Provoca dolor de Patria que quienes fueron  elegidos por el poder soberano del pueblo, -se supone- se opongan a medidas tan sanas y ejemplarizantes.  Nada más adecuado que endurecer las laxas sanciones que contempla nuestra legislación contra los que osan conducir bajo los efectos del licor.

Con seguridad ninguno de los ‘padres de la Patria’ que decidieron archivar la iniciativa del gobierno, ha sufrido en carne propia la pérdida de un familiar en un accidente de tránsito relacionado con el alcohol.

De ser así, tendrían muy vivo en su almas -¿tienen alma?- el eco de las voces de las víctimas que en los mejores casos  lograron sobrevivir, aunque en condiciones deplorables, reducidos de pronto a una silla de ruedas.  Escucharían, como una tortuosa grabación, el llanto de los padres o de los hijos que quedan huérfanos, de los hermanos, los familiares o los amigos de aquellos cuyas vidas fueron truncadas por la irresponsabilidad de quien lleno de valentía se sintió capaz de llevar el volante tras haber consumido licor.
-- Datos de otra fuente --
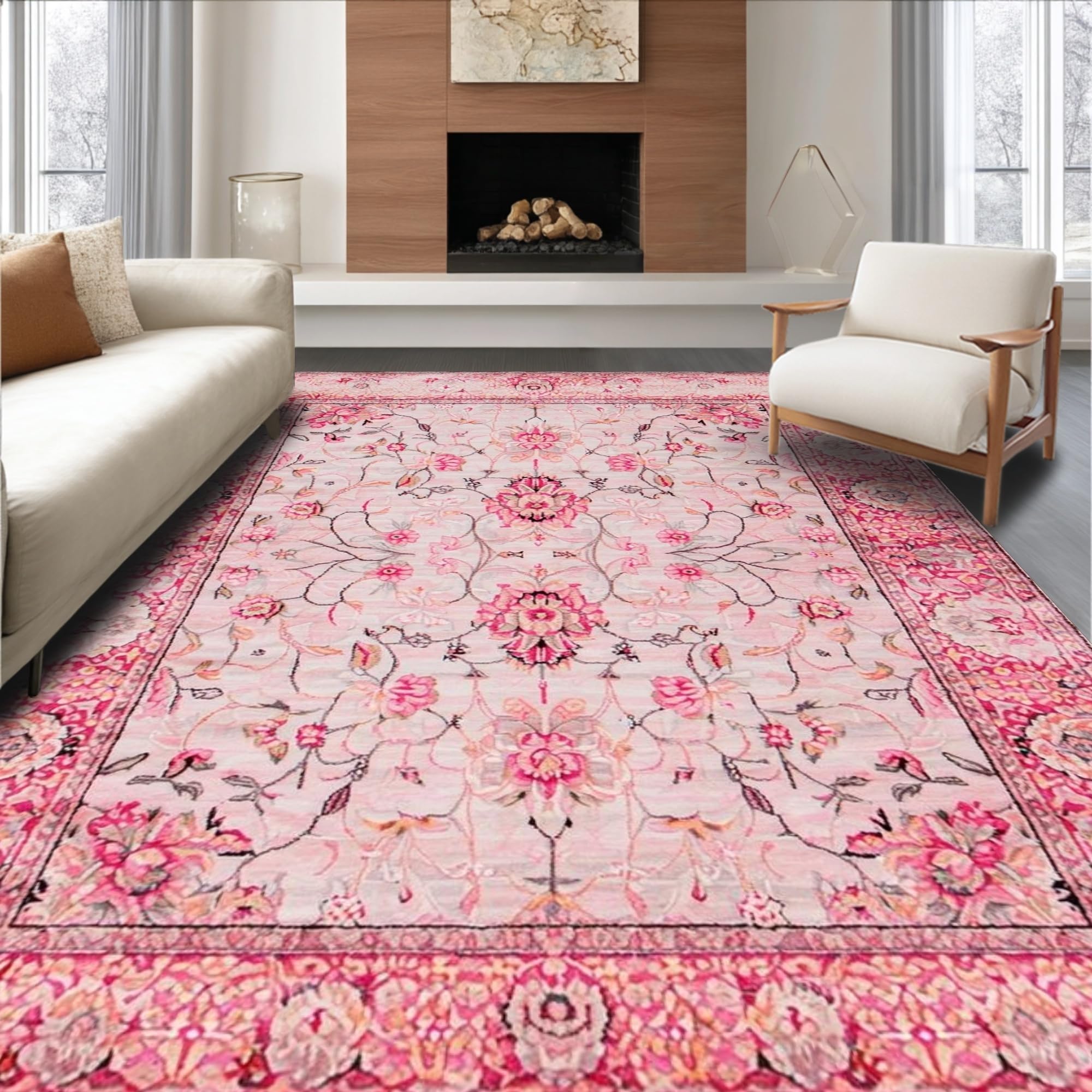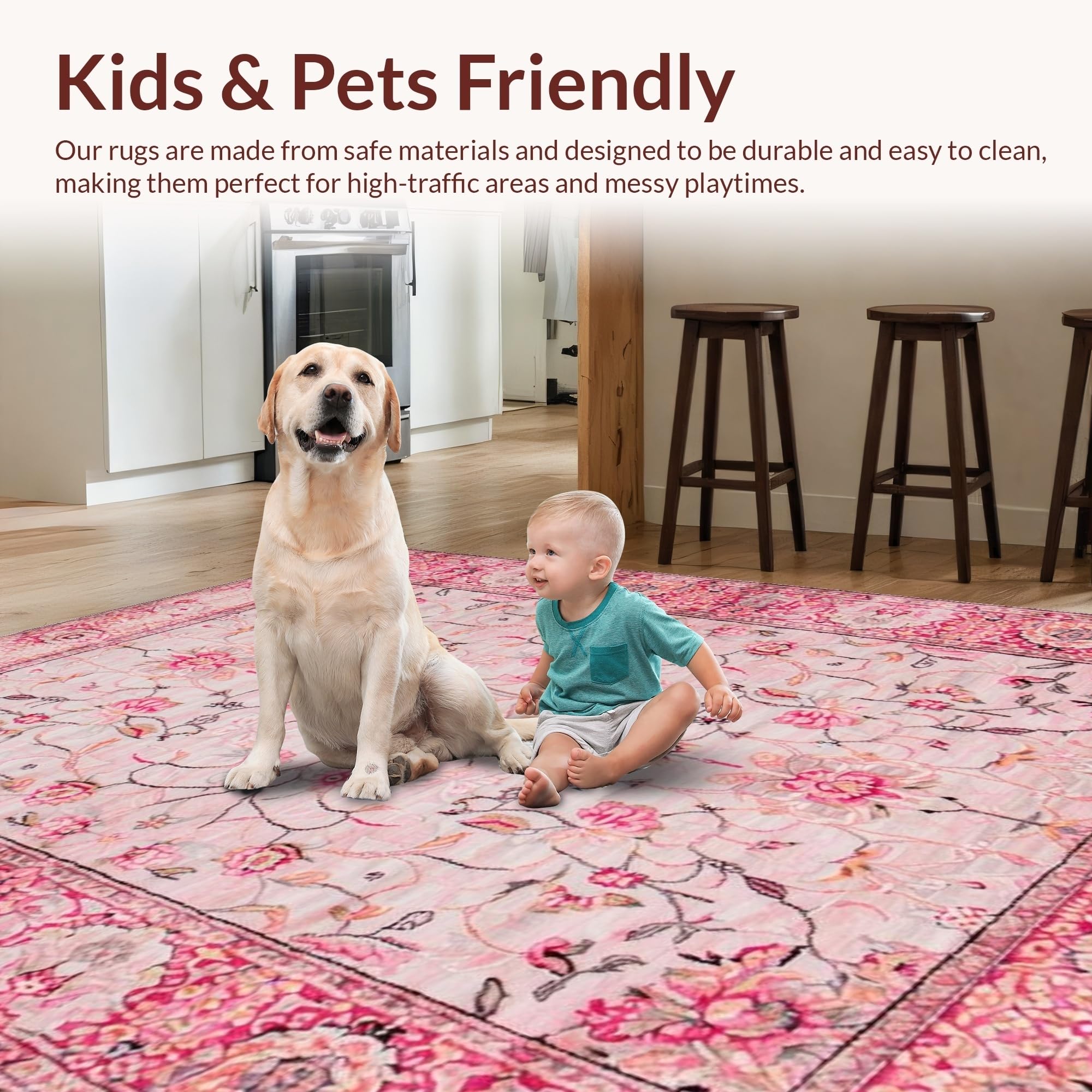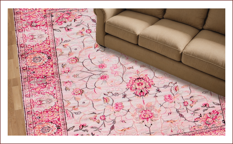 Ultra Soft Area Rug, Non Slip, Stain Resistant, Washable Area Rugs for Living Room, Bedroom, Delicate Pastel Floral Motif(Pink) Overview:

Si hubieran perdido, por lo menos un familiar en esas circunstancias, tendrían bien presentes sus sueños truncados, sus risas silenciadas, su proyecto de vida cercenado, sus ganas de vivir ahogadas.  Tendrían bien claro que un acto de tal irresponsabilidad merece la imposición de penas. Y no de cualquier pena.

Y me pregunto entonces si el tema no resulta importante para la sociedad colombiana. Las voces que se escuchan provienen de las familias de las víctimas de accidentes de tránsito –muertos o heridos–,  de los periodistas que responsablemente denuncian, de los ciudadanos que aún tienen conciencia y elevan su voz de protesta.

Mi voz de protesta va dirigida no solo contra quienes se resisten a entregar las llaves del auto tras el consumo de licor. Contra los que se creen invulnerables y se resisten a designar un conductor elegido o sencillamente,  a tomar un taxi.  También contra quienes abusando de los privilegios que les da su posición política, gremial, económica o social, ejercen influencia para que los irresponsables que manejan alicorados queden sin castigo. Y lógico, también contra  los policías encargados de hacer las alcoholemias, quienes en algunas ocasiones se dejan intimidar y en otras  sobornar, y como por arte de magia cambian los resultados de las pruebas dejando libre  de culpa, a quien le ocasionó lesiones a otra persona.

Ojalá esta vez si caminen la iniciativa de Gloria Stella Díaz, desempolvada en la Cámara y la nueva radicación del proyecto de ley del congresista Roy Barreras, hundido hace dos semanas. Ojalá los honorables congresistas se pongan la camiseta de la justicia. Ojalá.  Para que se acaben penas tan suaves como dar la casa por cárcel a quienes insisten en beber licor y manejar.